[Saved entries]
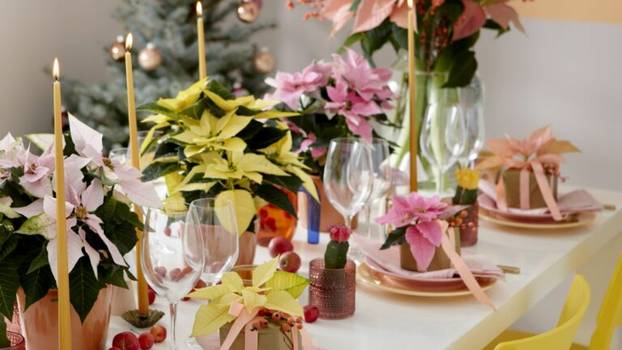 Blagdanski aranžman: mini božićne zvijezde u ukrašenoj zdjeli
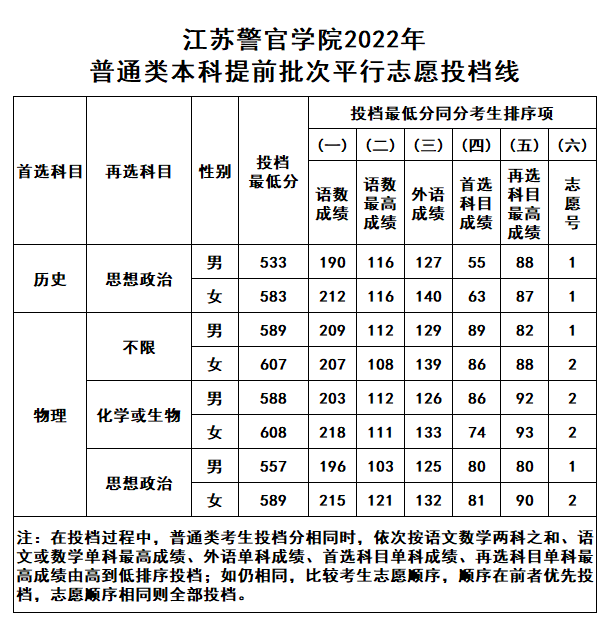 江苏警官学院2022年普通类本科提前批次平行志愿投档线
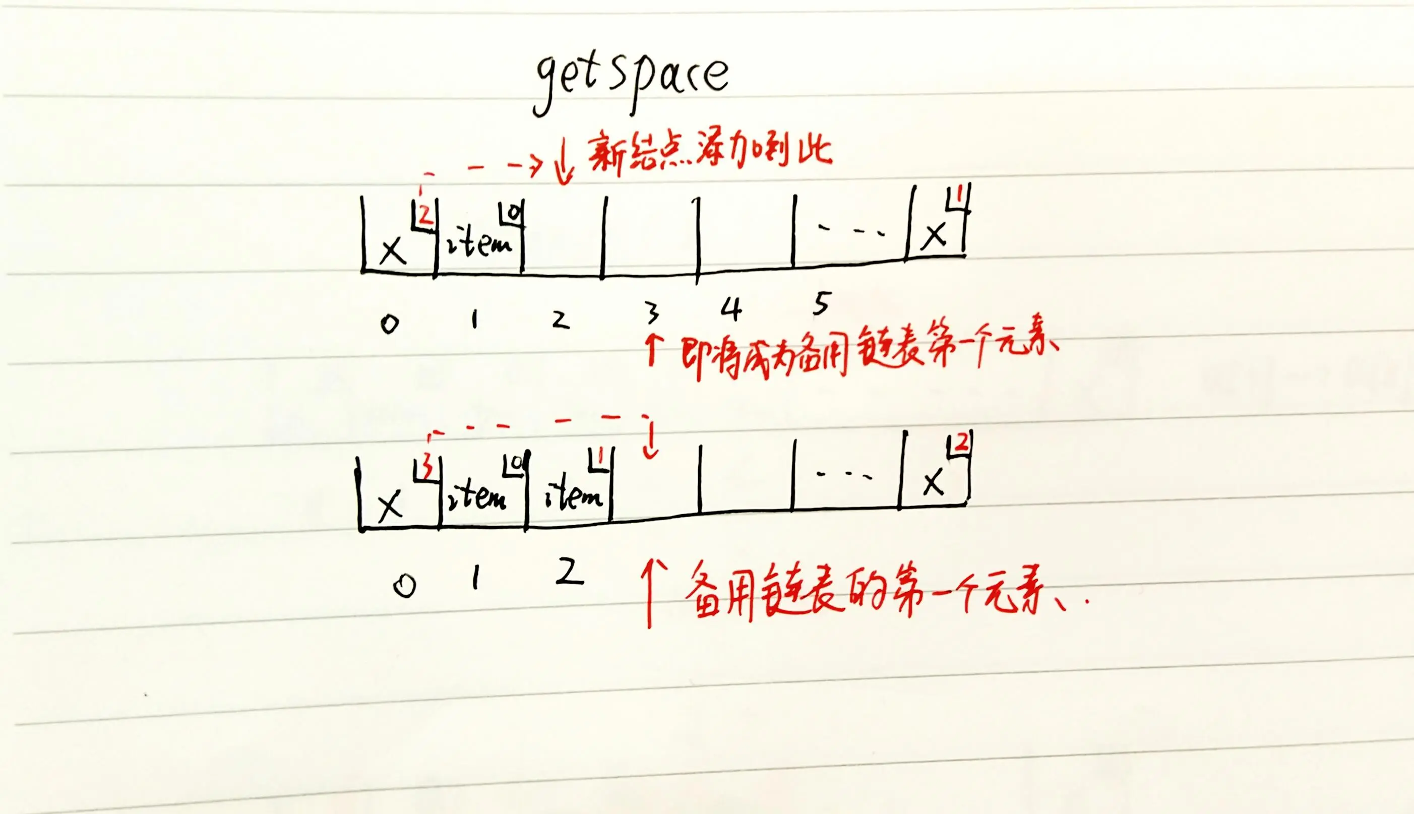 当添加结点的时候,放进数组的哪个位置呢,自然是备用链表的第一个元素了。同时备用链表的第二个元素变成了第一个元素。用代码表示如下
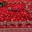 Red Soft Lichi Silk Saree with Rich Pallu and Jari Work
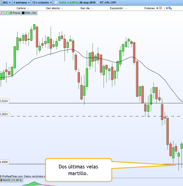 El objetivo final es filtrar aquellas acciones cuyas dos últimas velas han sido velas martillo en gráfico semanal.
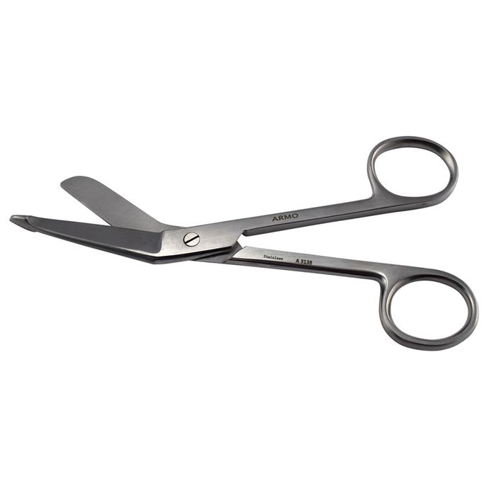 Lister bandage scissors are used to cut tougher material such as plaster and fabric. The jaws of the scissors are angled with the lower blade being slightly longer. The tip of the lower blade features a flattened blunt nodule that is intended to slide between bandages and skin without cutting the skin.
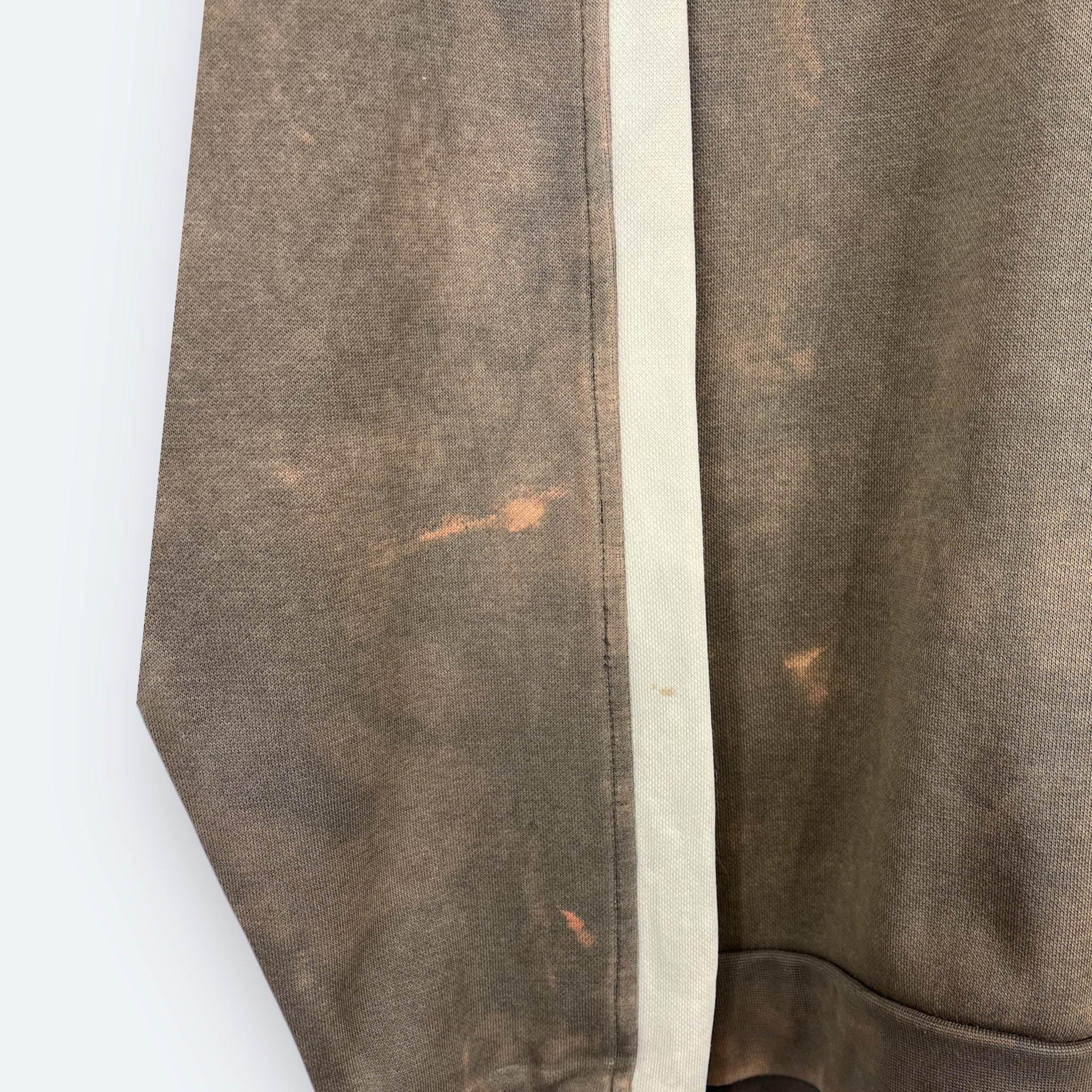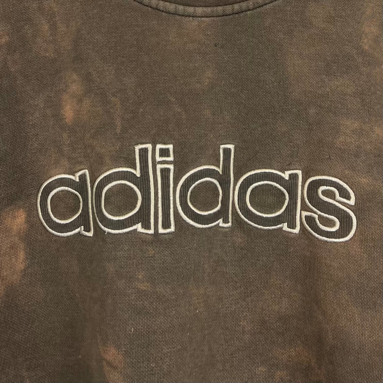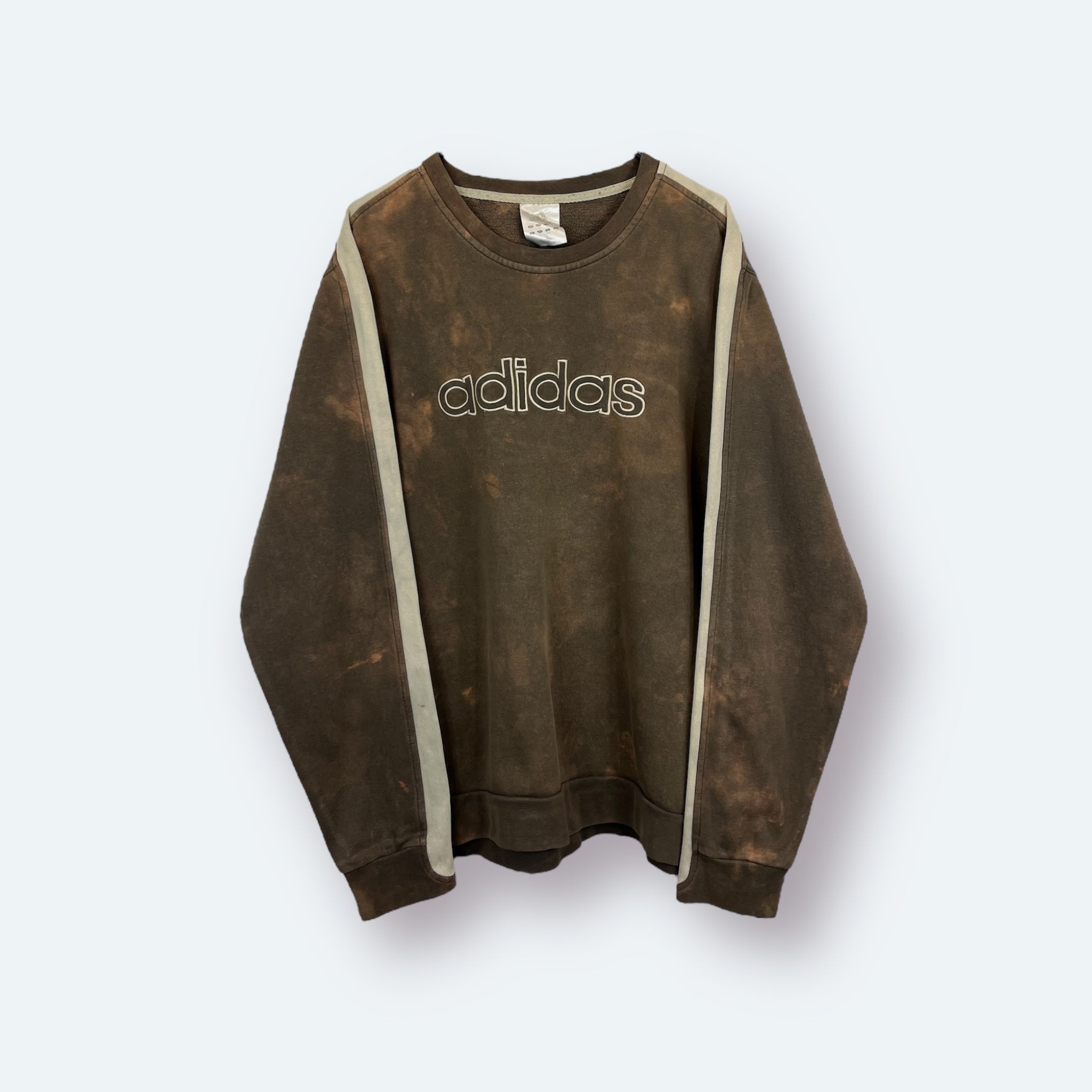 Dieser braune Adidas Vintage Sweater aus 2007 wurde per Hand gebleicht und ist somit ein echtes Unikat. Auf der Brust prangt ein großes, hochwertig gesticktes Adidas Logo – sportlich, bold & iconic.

Exercise details: Return exactly the stretch above whose first line contains "江苏警官学院2022年普通类本科提前批次平行志愿投档线" and whose last line contains "El objetivo final", and nothing outside it. The pictures should not appear.

Solution for this problem:
 江苏警官学院2022年普通类本科提前批次平行志愿投档线
 当添加结点的时候,放进数组的哪个位置呢,自然是备用链表的第一个元素了。同时备用链表的第二个元素变成了第一个元素。用代码表示如下
 Red Soft Lichi Silk Saree with Rich Pallu and Jari Work
 El objetivo final es filtrar aquellas acciones cuyas dos últimas velas han sido velas martillo en gráfico semanal.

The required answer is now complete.